Picking The Best Setup Man Of 2011

NEW YORK, NY - SEPTEMBER 07: David Robertson #30 of the New York Yankees throws a pitch in the rain during the top of the eighth inning against the Baltimore Orioles and New York Yankees on September 7, 2011 at Yankee Stadium in the Bronx borough of New York City. (Photo by Christopher Pasatieri/Getty Images)

All the talk around the baseball world is around the GIBBYs. GIBBY this and GIBBY that. Baseball fans can't get enough of the GIBBYs. The Greatness in Baseball Yearly Awards have captured the heart of America like few things before it.

Or maybe this is the first time you've ever heard of them. They're awards from MLB.com that are voted on by fans and they're probably the most important awards because the fans are the ones who watch the games, and they're likely to back up their vote with actual research and logic.

what did alber do to make it on this list other than have a good game 3? hes a good player but i dont think he wins this award.. he needs to do better at the plate.. hes an hr threat but needs to work on small ball. Great glove though

That's a comment under the Player of the Year nominee list, and it really makes you think, you know? And the GIBBYs also include the only award in baseball that's given out to setup men: the Setup Man of the Year award, which is a good reminder that the BBWAA needs to create an award for setup men. There just aren't enough awards for us to internet-argue over, and setup men deserve some love too

Here would be a list of finalists for The Mike Stanton (Not That One) Award for Pitching Excellence, which is what I've already determined that the BBWAA should call the award, along with a note on why they should and should not win the award:

Mike Adams
Why he should win:
He doesn't allow runners. Or runs. Or hits. Or walks. He's almost the perfect setup man.

Why he shouldn't win:
Well, that was all true in the regular season, but in the playoffs he was hittable. He also walked as many batters in the postseason as he did with the Rangers in the last two months of the season. If you vote on the award before the postseason, though, he's as strong of a candidate as any one else.

Tyler Clippard
Why he should win: He led both leagues in holds! He also pitched more than one inning for the Nationals often, which increased his value to the team, and he led the world in the percentage of runners he stranded.
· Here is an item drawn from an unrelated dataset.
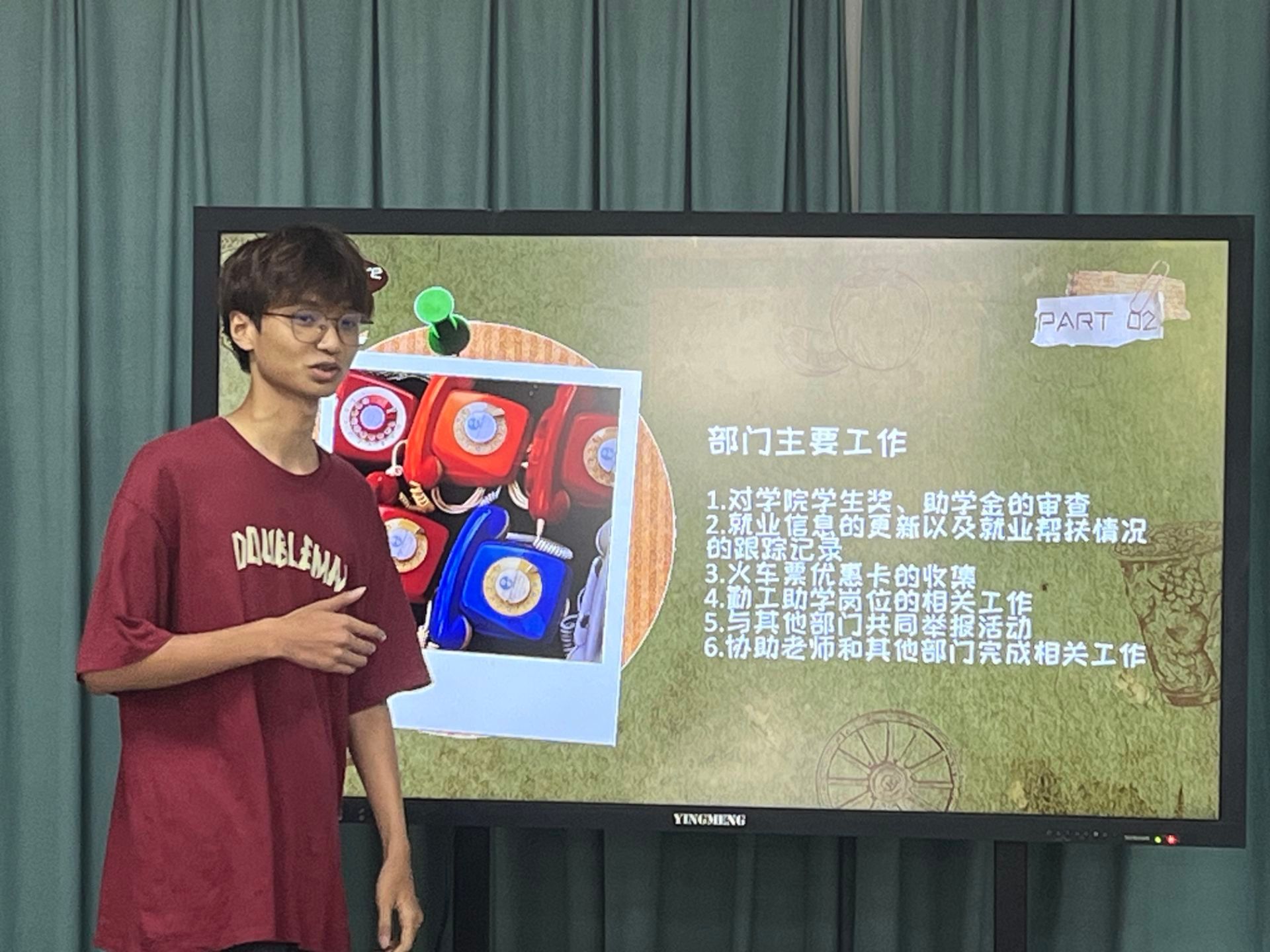 此次换届答辩共有49名竞选候选人参加。按照抽签顺序,各竞选候选人依次上台进行5分钟答辩,答辩内容包括自我介绍、工作经历、岗位认知、未来工作计划等,个人陈述完毕后,老师和现任学生干部对他们进行提问。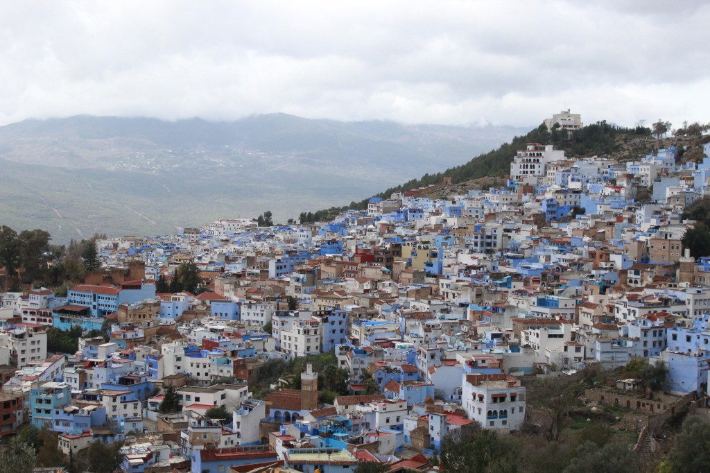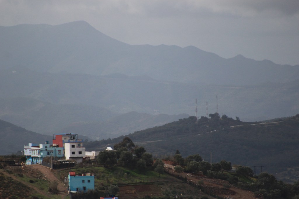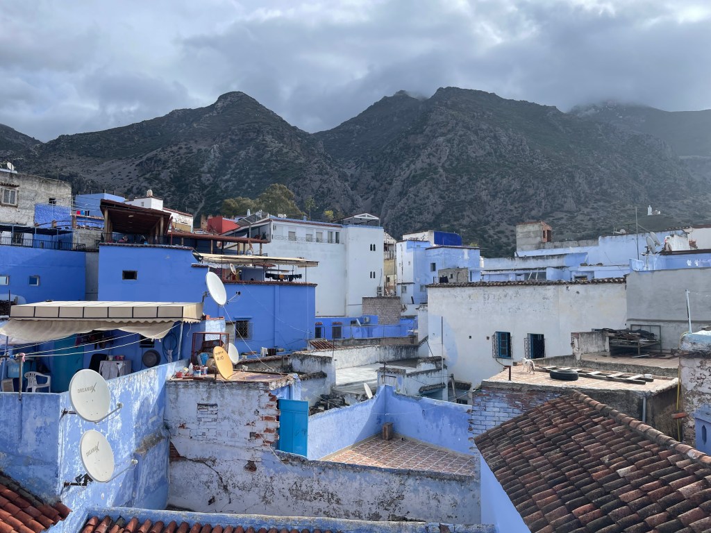We arrived to Chefchaouen after a long and pretty stressful day of travel. Our flight from Malaga experienced some pretty hefty turbulence, to the point that we were unable to land on the first attempt. After descending most of the way, the pilot abruptly pulled up and announced that we wouldn’t be landing at that time. There was a lot of panic in the cabin, and I saw many people praying. It turns out that it was too windy to land, so we circled back over the Mediterranean, and were able to land on our second attempt. We disembarked in Tetouan, Morocco, where we were greeted by the incredibly lush Rif mountains. We found a taxi from the tiny airport to the central bus station, then found a bus from there to Chefchaouen.

Why he shouldn't win: He allowed 11 home runs, which is quite a bit for a late-inning reliever.

Eric O'Flaherty
Why he should win: He was one of only five pitchers since 1900 to throw more than 70 innings with an ERA below 1.00. That's insane.

Why he shouldn't win: The last guy to do it was Chris Hammond, which sort of makes the accomplishment feel a little less exclusive. Plus, relievers' ERA has a lot to do with stranded runners, and O'Flaherty had Jonny Venters and Craig Kimbrel behind him.

David Robertson
Why he should win: Strikeouts. A hundred of them. He had one of the greatest strikeout seasons ever for a reliever who didn't pick up saves.

Why he shouldn't win: Walks. Just under a hundred of them. He averaged more than a walk every two innings.

Jonny Venters
Why he should win: He was a workhorse for the Braves, leading the league in appearances and dominating for most of the year.

Why he shouldn't win: He also pootered out down the stretch, allowing nine runs and walking 11 over his last 15 appearances. Like Robertson, he walks way too many hitters to make his manager feel comfortable.

Sergio Romo
Why he should win: He walked five batters and struck out 70. The only other reliever in history to have a K/BB ratio that good for more than 30 innings was Dennis Eckersley. There were three outings in this year's World Series where a pitcher walked as many or more batters than Romo did all season.

Why he shouldn't win: He missed some time with injury, and Bruce Bochy didn't trust him against lefties earlier in the year, often removing him after facing a single batter, which limited his innings pitched to just 48.

Sean Marshall
Why he should win: No real good reason, but has anyone other than Cubs fans noticed how good he's been for two straight years?

Why he shouldn't win: The taint of Cubs is always a good reason for someone not to win something, even if a player deserves nice things.

The winner should be: Clippard, who pitched the most innings and stranded the most runners while doing the things a reliever should do, which is striking batters out and avoiding walks

The BBWAA would vote for: Clippard, who led baseball in holds.

Maybe we shouldn't give the writers the burden of another award to think about. But The Mike Stanton (Not That One) Award for Pitching Excellence should become an official tradition, if only because there aren't enough things to argue about on the internet.